1. Parse the `<database-id-or-page-id>` argument. Notion IDs are 32 hex chars, with or without dashes.
2. Probe whether the ID is a database or a page via the Notion MCP. Databases get listed with `query_database`; pages get walked with `get_page` plus `get_block_children` recursively to `--depth`.
3. For databases: pull all entries (paged), capture title, last_edited_time, and a body excerpt assembled from the top-level rich-text properties.
4. For pages: walk the block tree to the requested depth (default 1, meaning the page plus its direct child blocks; depth 2 includes one level of nested children, and so on, capped at 5).
5. Normalize each item to a markdown block with title, URL, last edited, author (if available), property summary or body excerpt.
6. Write to `External Inputs/Notion/<database-or-page-slug>/<YYYY-MM-DD>.md`.
7. Print summary: file path, page count, depth used.

## Voice rules

- No em dashes (use commas, colons, periods, parentheses)
- No exclamation marks
- Direct, no fluff
- Page titles quoted verbatim from Notion
- Body excerpts truncated at 800 characters per page to keep the vault file readable

## MCP requirement

This skill calls a Notion MCP for read access (`query_database`, `get_page`, `get_block_children`). If no Notion MCP is connected to your Claude Code install, the skill prints a clear error naming the missing MCP and instructions for connecting one (the canonical reference is the official `@modelcontextprotocol/server-notion` package or the Notion MCP shipped by makenotion). The skill does not silently fall back to the public Notion API; it surfaces the gap so you can wire the MCP once and run the skill cleanly.
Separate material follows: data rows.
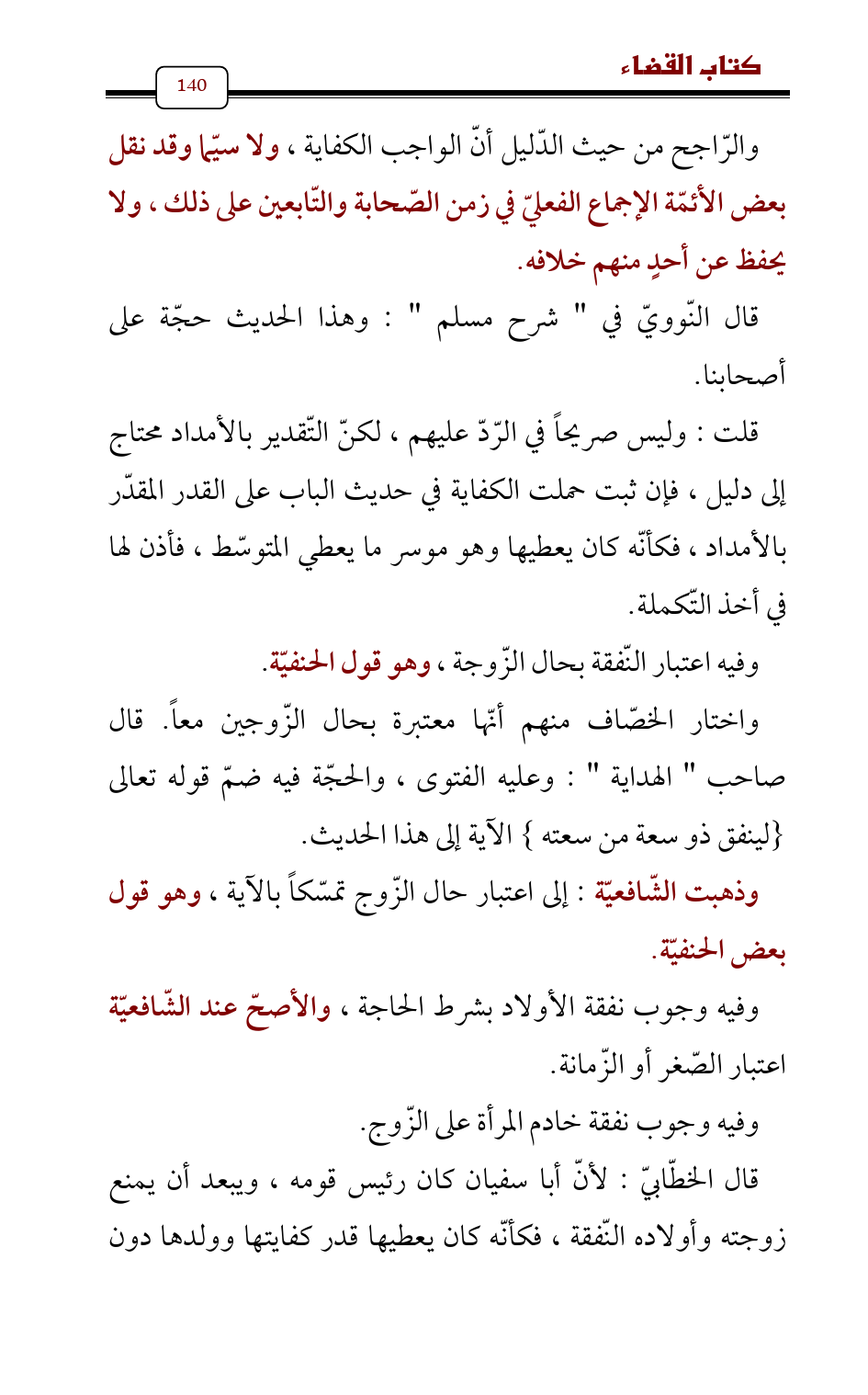 واختار الخصّاف منهم أنّها معتبرة بحال الزّوجين معاً. قال صاحب " الهداية ": وعليه الفتوى، والحجّة فيه ضمّ قوله تعالى {لينفق ذو سعة من سعته} الآية إلى هذا الحديث.
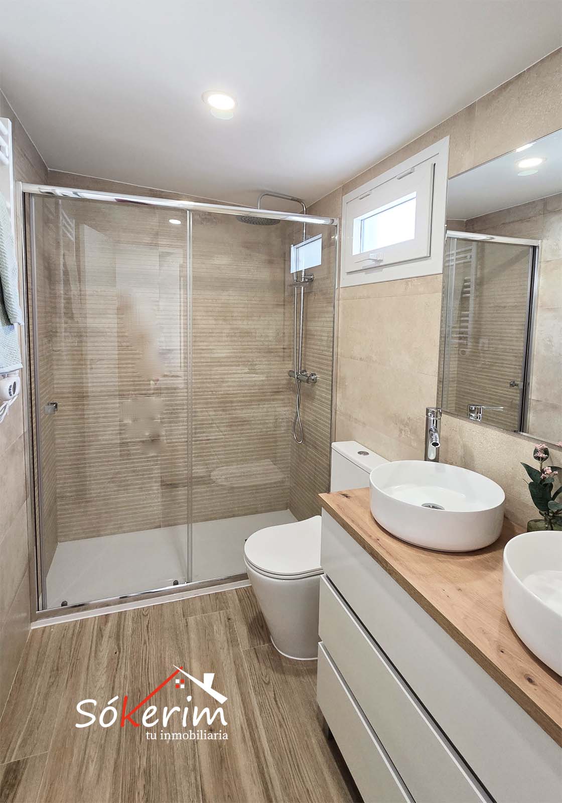 Dos baños completos, uno en el dormitorio principal con doble seno para tener tu propio espacio en él y el segundo para compartir con el resto de la casa.
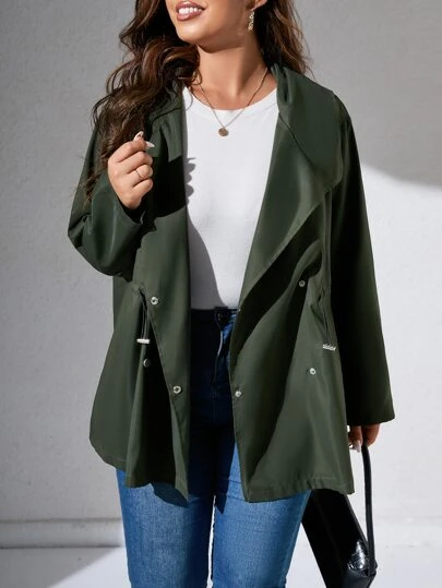 SHEIN LUNE Plus Waterfall Collar Double Breasted Coat - Dark Green - View 1
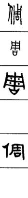 从上到下依次是小篆、甲骨文、金文、古玺及战国文字、缪篆及汉代文字、鸟虫篆。
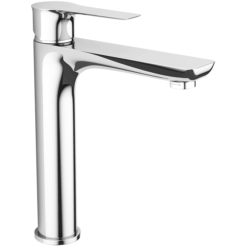 Classic upright mixer has an elegant silhouette and ideal proportions. A mixer with raised body is equipped with a long spout and will go perfectly with a large countertop washbasin. Both models are delivered with click-clack plug included.
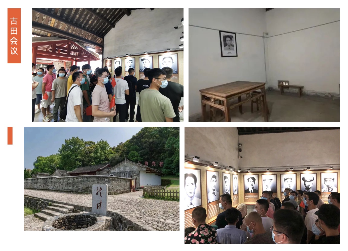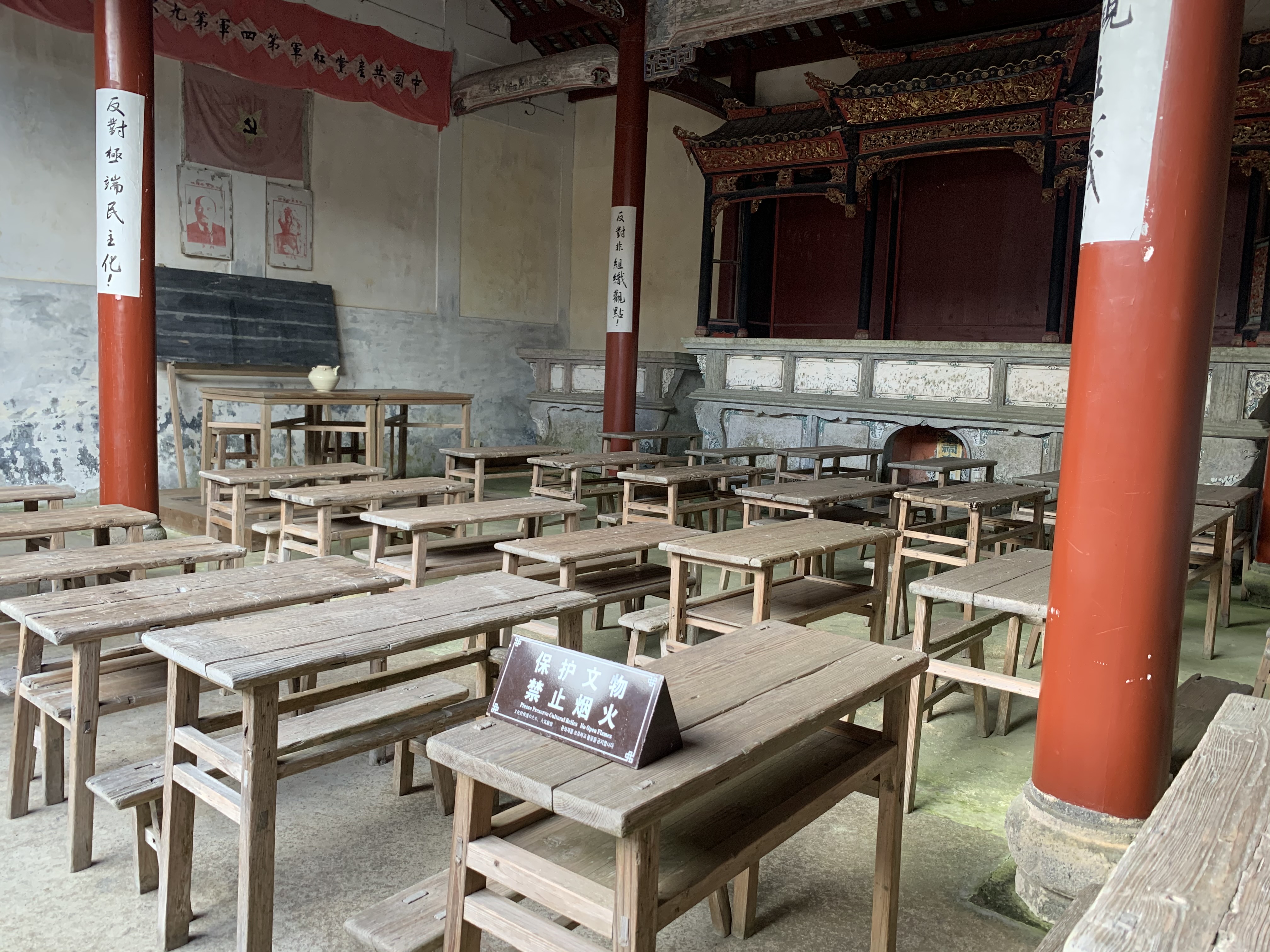 會址保持了當(dāng)年的陳設(shè),6列學(xué)生桌椅陳舊而整潔。會場正上方掛著“中國共產(chǎn)黨紅軍第九次代表大會”的橫幅,地板上的斑斑炭火印跡,瞬間把我們帶到了1929年那次非同尋常的會議。

If the MCP is connected but the integration token lacks access to the requested database or page, the call returns 404 or 403 and the skill reports the access issue.

## Invocation

The skill is a thin orchestrator. The actual normalization runs in Python at `~/.claude/skills/ingest-notion/ingest.py` (or the public-repo path). The skill assembles the Notion MCP tool calls, hands the raw payloads to `ingest.py` as JSON on stdin, and the script writes the file.

When invoked:

1. Parse arguments: `<id>` (required), `--depth N` (optional, default 1).
2. Verify a Notion MCP is available. If not, print the missing-MCP error and stop.
3. Probe the ID. If `query_database` succeeds, treat as database. Else fall back to `get_page`.
4. For databases: page through `query_database` collecting all entries.
5. For pages: call `get_page` for the root, then recursively `get_block_children` to `--depth`, capping at 5.
6. Hand the assembled payload (root metadata + items) to `ingest.py` as JSON on stdin.
7. `ingest.py` writes the vault file and prints a summary.
8. Surface the summary to the user.

## Output contract

The vault file at `External Inputs/Notion/<slug>/<YYYY-MM-DD>.md` has frontmatter:

```yaml
---
type: external-input
source: notion
database_id: <uuid-with-dashes>     # set when root is a database
page_id: <uuid-with-dashes>         # set when root is a single page
root_kind: database                 # or "page"
page_count: <int>
ingested_at: <ISO 8601 timestamp>
entity_ids:
  notion: [<uuid>, ...]             # every Notion page id captured
---
```

Body is grouped by item, each item with title, URL, last_edited, and a body excerpt. For database mode the items are sorted by `last_edited_time` descending. For page mode the body is rendered as a nested block tree to the requested depth.

The `entity_ids.notion` array conforms to the cross-type frontmatter contract so downstream consumers (graph builders, fact aggregators, agents) can join Notion pages to their source records without re-parsing the body.

## Idempotency

Re-running `/ingest-notion <id> --depth N` on the same calendar day overwrites the same vault file. The file path is keyed by date and root slug, so the same source produces the same path across re-runs. Re-runs do not duplicate; they refresh.

## Acceptance test

A successful run produces:
1. One new (or refreshed) file at `External Inputs/Notion/<slug>/<date>.md`
2. A stdout summary: `Wrote N page(s) to <path>.`

If the database resolves but contains no entries, write the file anyway with `page_count: 0` so re-runs are still idempotent and the absence is recorded.